Newsletter
31.07.2025
# 3
#DSA40 Data Access Newsletter
Rising Temperature
Dear DSA40 Community,
welcome to the third #DSA40 Collaboratory newsletter. We know, it’s been a while since our last newsletter – and a lot has happened in the meantime.
Is this place where we catch up on everything that has happened since? No. We’re aware that the summer break is approaching – and for some of you surely has already started. So, we’ll keep it crisp and skip the risk in focus this time (it will be back in the next newsletter for sure!) So, instead of starting to sweat from the heat coming from the other side of the Atlantic, let’s focus on the benefits of the summer sun instead of actual or foreseeable negative effects to research, (European) democracy, or the planet.
General Updates
In case you have not yet received an invite, we would like to wholeheartedly invite you to the first DSA40 Data Access Days, which we’re hosting on 25-26 September in Berlin. With this two-day conference, we plan to facilitate exchange and collaboration on the topic of data access.

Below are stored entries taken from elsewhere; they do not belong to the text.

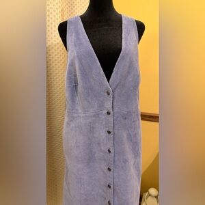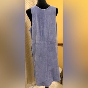 Pre owned. Good condition. Signs of use shown in pictures. Chic sleeveless mini dress in a soft lavender suede. Features a V-neckline and front button closure for an easy, polished look. Lightweight structured fit that flatters the waist. Perfect for daytime or evening styling in lavender.
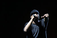 Lawrence "Kris" Parker (born August 20, 1965), better known by his stage names KRS-One (/ˌkeɪ ɑːr ɛs ˈwən/), an abbreviation of Knowledge Reigning Supreme Over Nearly Everyone, and Teacha, is an American rapper and occasional producer from Bronx, New York. He rose to prominence as part of the hip hop music group Boogie Down Productions, which he formed with DJ Scott La Rock in the mid-1980s. KRS-One is best known for his top hits, "Sound of da Police", "Love's Gonna Get'cha (Material Love)", and "My Philosophy", among others.[1] Boogie Down Productions received numerous awards and critical acclaim in their early years. Following the release of the group's debut album, Criminal Minded, fellow artist Scott La Rock was shot and killed, but KRS-One continued the group, effectively as a solo project. He began releasing records under his own name in 1993. He is politically active, having started the Stop the Violence Movement after Scott's death. He's also a vegan activist, expressed in songs such as "Beef".[2] He is widely considered an influence to many hip hop artists, including 2Pac and Eminem.
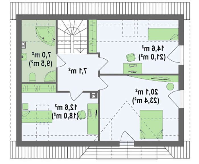Три спальни и ванная комната вынесены на второй этаж. Лучи солнца, проникающие через мансардные окна и балкон, создают атмосферу покоя. Поэтому проект дома с дневной зоной - отличный выбор!
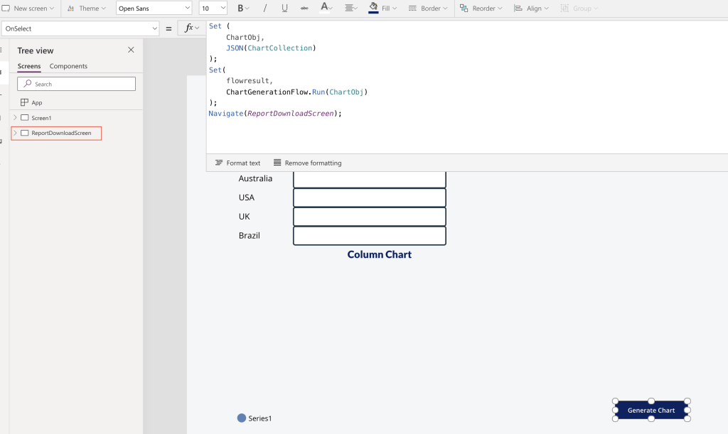 b. Add below line to the “Generate Chart” button OnSelect code.
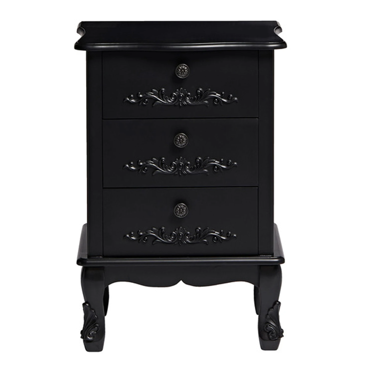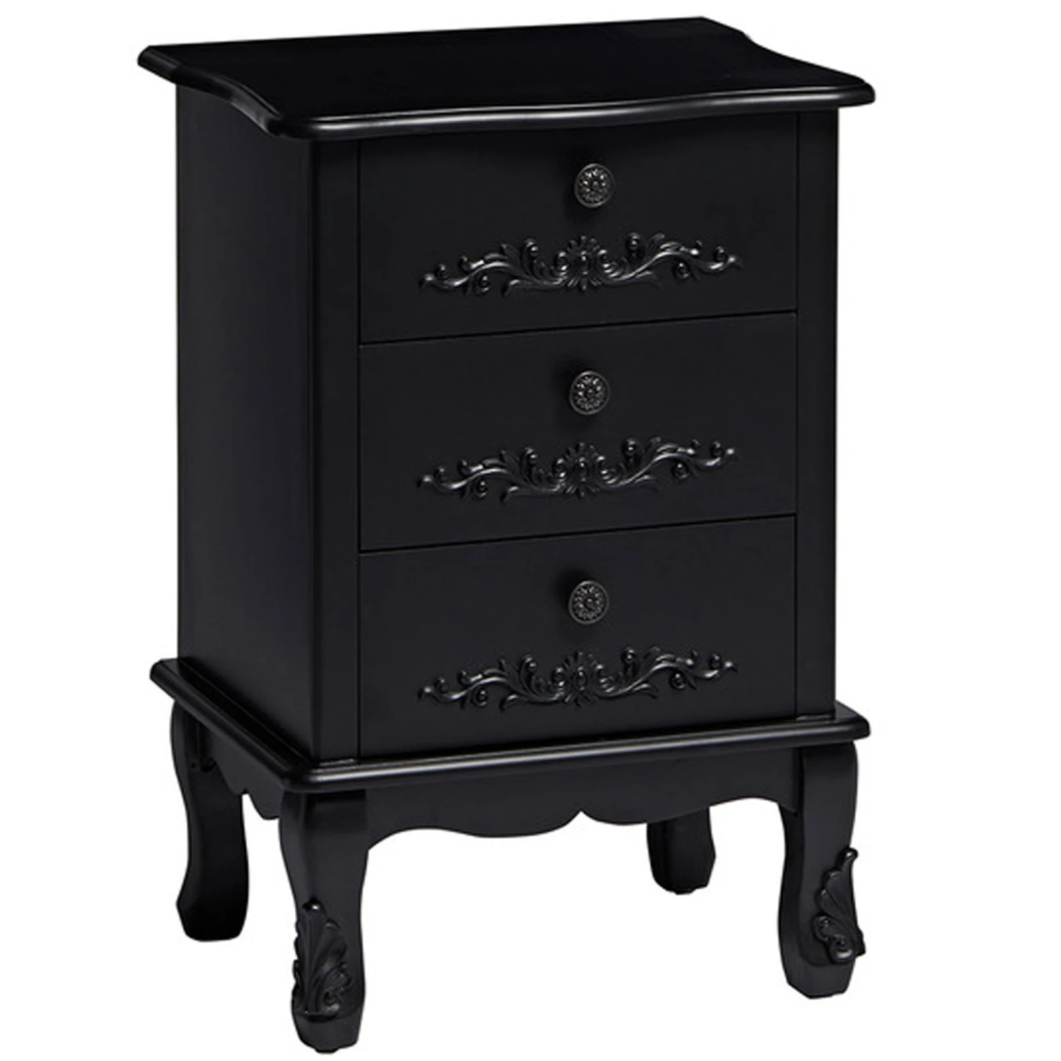 Complete your beautiful Antique French Styled bedroom with this beautiful 3 drawer bedside table, coming from the wonderful Antionette collection. This white chest of drawers is sure to brighten up your home instantly and make it a lot more beautiful. It is the perfect addition to any bedroom in which is looking for some style along with glamour.Â
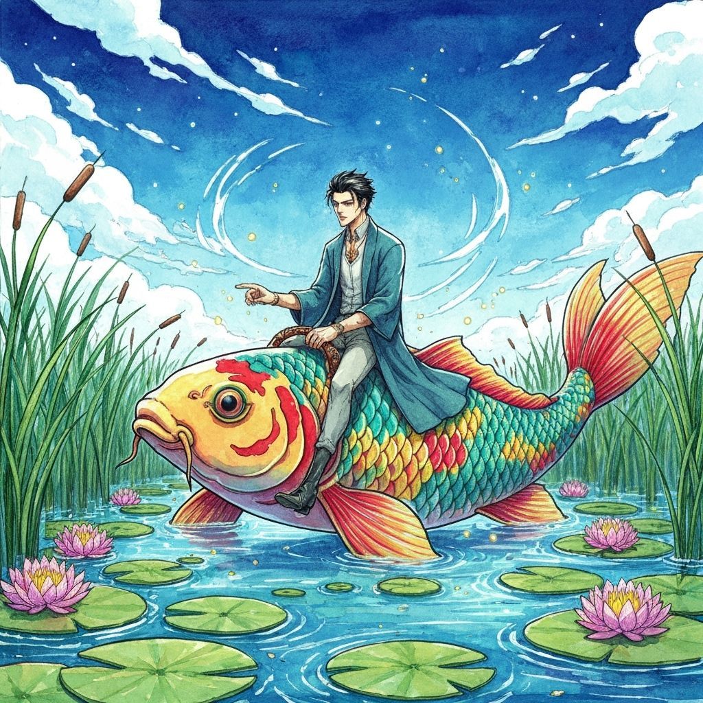 A vivid manga-style image of a stylish man riding a giant koi fish in a lily pond. The artwork features vibrant watercolors, intricate details, and expressive ink lines in a fantasy aesthetic.

On Day 1 (25.09.25), a keynote and several panel discussions will focus on lessons learned from Article 40(12), and opportunities for Article 40(4) implementation.
On Day 2 (26.09.25), we will provide practical hands-on sessions focused on drafting applications for 40(4) data access for a limited number of participants.

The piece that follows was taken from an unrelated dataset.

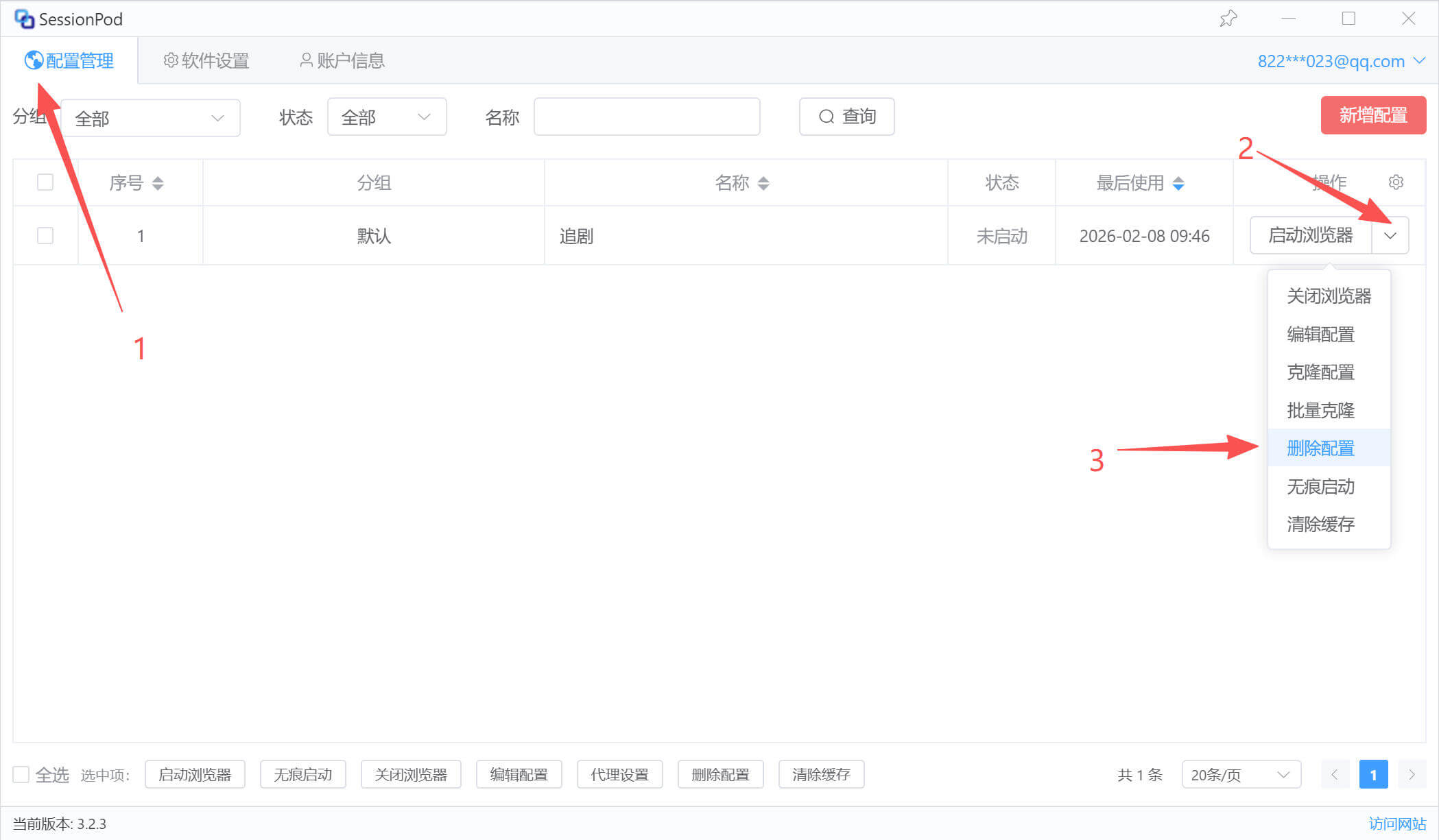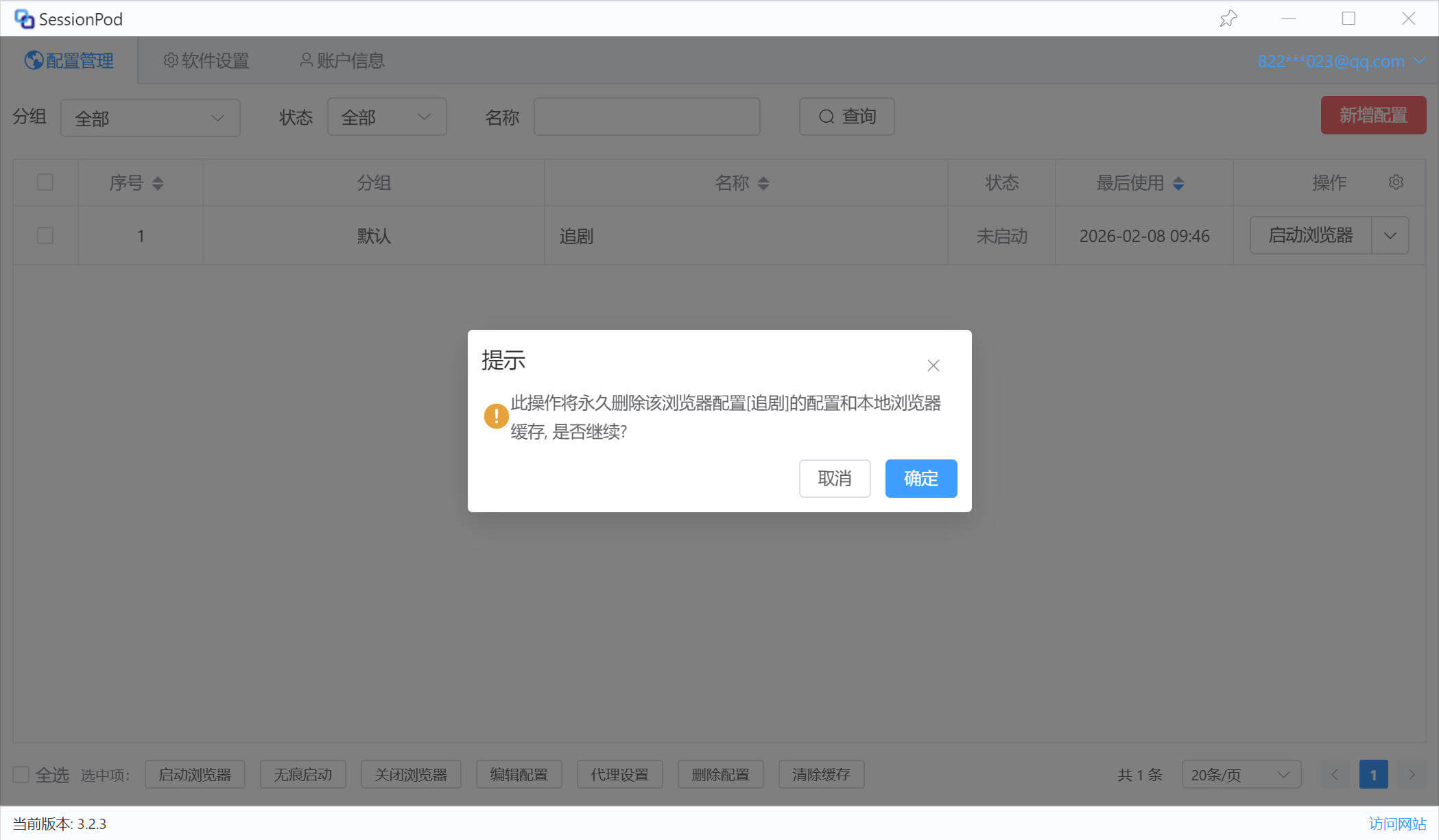 如下图所示:点击“删除配置”按钮。

Unfortunately, we’ve already reached the maximum amount of registrations for the hands-on sessions, but registration for day 1 and the waiting list for day 2 is still open! You can find the registration form and a preliminary programme here.
The Access Days will be right on time as the first week afterwards will not only mark the 3-year anniversary of the adoption of the DSA (on October 4) but also the end of the 3-month grace period of the Delegated Act on Data Access, which was adopted by the Commission on July 2. Alongside it, the DSA data access portal was also launched. Given that the Collaboratory had worked together with many different researchers to produce a response to its draft, published in October 2024, we directly went to work to see what was changed in the final version.
To this end, we aligned the relevant sections and produced a visual comparison, accessible on our website.
We’ve since published a short overview of key aspects [in German], a piece in Tech Policy Press, parsing the various expectations towards platforms, researchers, and regulators as assumed by the delegated act, and are working on more to be announced soon.
Also: we updated our FAQ with up-to-date information based on the delegated act. Originally launched two months ago, and built on top of initial work by Julian Jaursch and Philipp Lorenz-Spreen, it’s supposed to collect helpful resources in order to answer all kinds of questions researchers might have about data access. We will update the page continuously – so please let us know if we missed anything!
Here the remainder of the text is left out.